Brief regering : Voortgang van een aantal onderwerpen gerelateerd aan het visserijbeleid
21 501-32 Landbouw- en Visserijraad
Nr. 1502
BRIEF VAN DE MINISTER VAN LANDBOUW, NATUUR EN VOEDSELKWALITEIT
Aan de Voorzitter van de Tweede Kamer der Staten-Generaal
Den Haag, 23 december 2022
Hierbij informeer ik de Kamer over de voortgang van een aantal onderwerpen gerelateerd
aan het visserijbeleid, waar relevant gekoppeld aan moties van en toezeggingen aan
de Kamer. Het betreft de volgende onderwerpen:
− Stand van zaken omtrent het Programma European Maritime Fisheries and Aquaculture Fund (EMFAF);
− Verandering van tijdstip invoering bestuurlijke boete op overtredingen van visserijregelgeving
(Kamerstuk 35 998);
− Twee regelingen in kader van de BAR goedgekeurd
− Stand van zaken saneringsregeling;
− Bescherming en welzijn van vissen: toezegging aan lid Vestering (PvdD) om in 2022
een brief aan de Kamer te sturen naar aanleiding van de petitie van Compassion in
World Farming;
− De vraag van lid Wassenberg (PvdD) omtrent CO2-uitstoot bij bodem beroerende visserij (Kamerstuk 32 627, nr. 40);
− Stand van zaken van de Innovatieagenda 2022 – 2030: Visserij Innovatie Netwerk;
− Stand van zaken over de garnalenvisie.
Programma EMFAF goedgekeurd
Met tevredenheid kan ik de Kamer hierbij mededelen dat het Programma voor het European Maritime Fisheries and Aquaculture Fund (EMFAF) is goedgekeurd door de Europese Commissie. Het Programma EMFAF is bijlage
toegevoegd aan deze brief. In de brief van 26 maart 2021 heb ik de Kamer reeds geïnformeerd
over de inhoud van het Programma (Kamerstuk 32 201, nr. 114). Het EMFAF-programma is in maart 2021 voorgelegd voor een brede internetconsultatie.

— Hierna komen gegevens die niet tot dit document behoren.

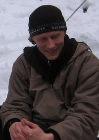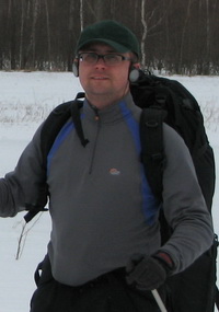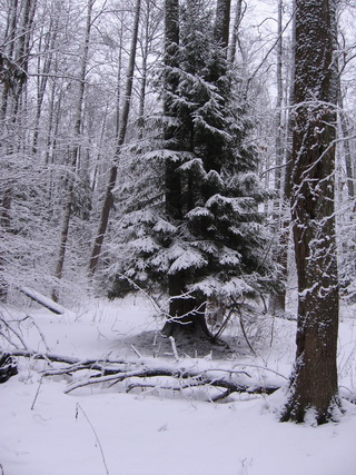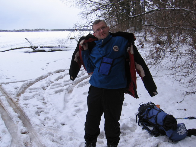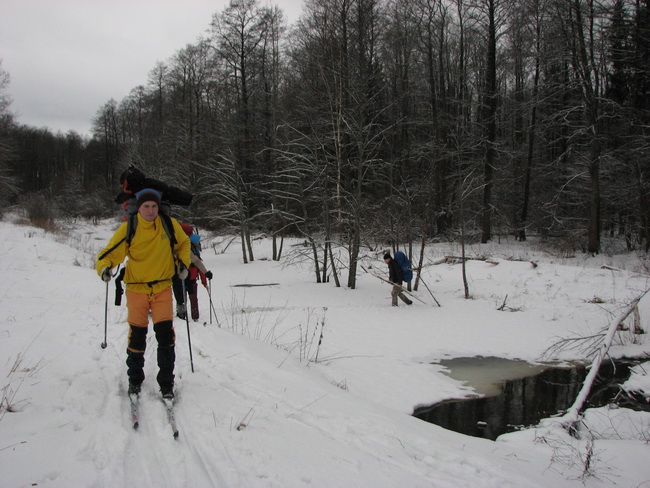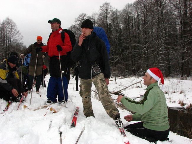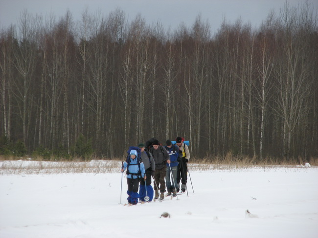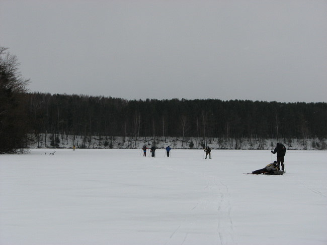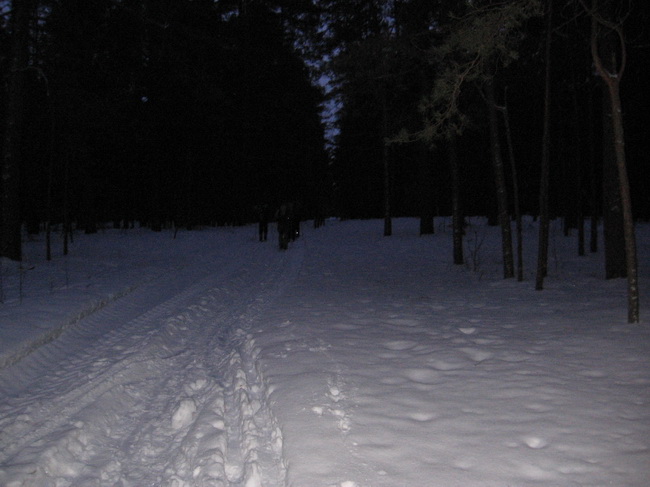 Позвонил в полдесятого разочарованный Смирнов, что в Минске выпало двадцать сантиметров мокрого снега, а значит будет и подлип. Из-за этого снега он опоздал на десять минут в Осиповичи на "прикольный поезд" и ехал теперь на такси, оставив свою машину там. Позже звонил еще раз, что одевает уже на краю леса лыжи. Лыжню после прошедших шестнадцати человек днем оказалось довольно тяжело не заметить. Он быстро догнал со своей женой нашу неспешно собирающуюся группу. Выходило по Сашенькиному GPS, что от станции они отошли два километра. Два километра были сильно в разрез с моими представлениями. Точно также и потом, пока не выяснилось, что это он сегодня меряет в милях.
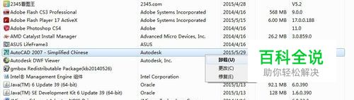 鉴于这里主要写的是注册表的删除,所以对于CAD软件本身的卸载问题就一笔带过了,不管你是在系统控制版面的程序删除里操作,或者利用软件管家删除,或者利用 windows installer clean up 软件都行。
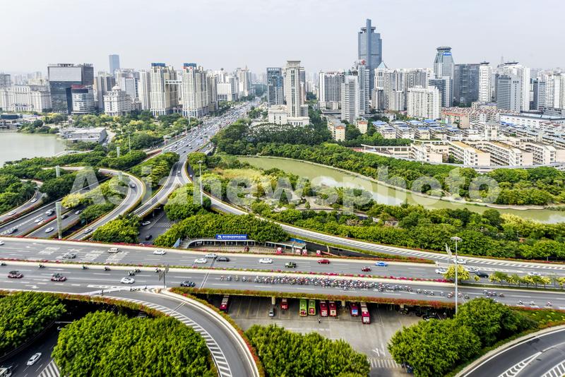 2019年10月20日,“格力·环广西公路自行车世界巡回赛”进入第四天。南宁-弄拉景区赛段在广西南宁市发车。图为车队穿过美丽的南宁市区向马山县弄拉景区进发。
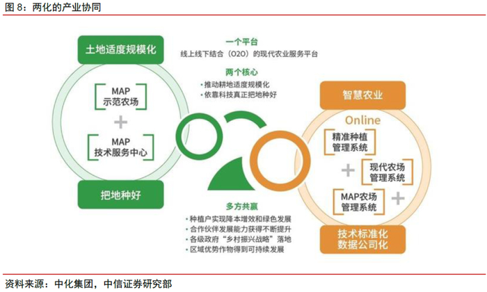 两化合并后,旗下农业、农化公司料将成为中化MAP战略的关键科技支撑。中国化工旗下的农业、农化资产在传统农资产品以及现代智慧农业平台均能为MAP战略提供支持,其种子、农化产品可在示范及技术服务中直接应用,也可将其海外应用成熟的智慧农业平台嵌入中国场景。
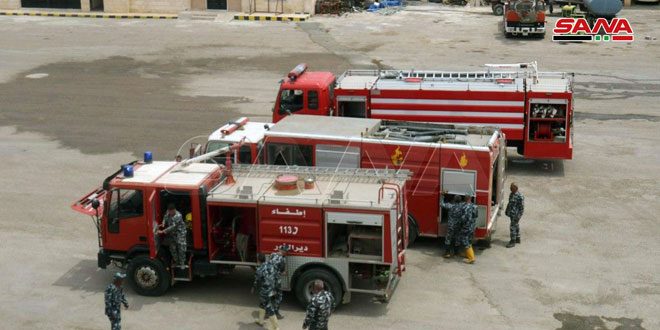 رفع فوج إطفاء ديرالزور جاهزيته على مدار الساعة إلى أقصى درجة مع دخول موسم حصاد القمح وارتفاع درجات الحرارة.
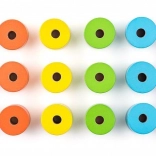 Veľké drevené koráliky s otvorom na ľahké prevliekanie sú skvelou pomôckou do domácnosti aj škôlky. Vďaka výrazným farbám a príjemnému materiálu deti rady trénujú triedenie, skladanie a navliekanie, čím si nenásilne precvičujú zručnosti potrebné na písanie a koncentráciu.
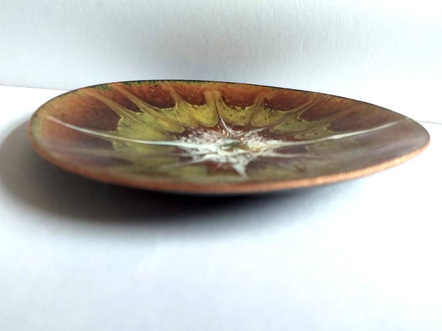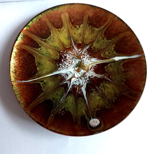 Setting out with the idea of making an autumn themed dish I built up a base of clear enamel on the copper then added a coat of chestnut brown.Over that I scattered a ring of yellow enamel an, in the centre, a pile of white. When the dish was at red hot, in the kiln, I disturbed the surface of the enamel with a steel point to make the unique, random patterning that decorates it. Depending on the way in which light strikes the dish the copper beneath the enamel shimmers and sparkles golden brown and modifies the tones of the brown and yellow.

Dit heeft tot beperkte aanpassing geleid. Een deel van de opgehaalde input betrof
aanscherpingen, deze zijn verwerkt. Het overige commentaar was breder dan het Programma
en betrof het beleid ten gehele. Dat is daarom niet verwerkt in het Programma. Nu
het Programma is goedgekeurd wordt het EMFAF operationeel en kan het ingezet worden
voor de brede beleidsagenda voor de visserij, aquacultuur en maritieme zaken.
De goedkeuring van het EMFAF Programma heeft vanwege de benodigde afstemming met de
Europese Commissie langer geduurd dan ik had voorzien in mijn vorige brief.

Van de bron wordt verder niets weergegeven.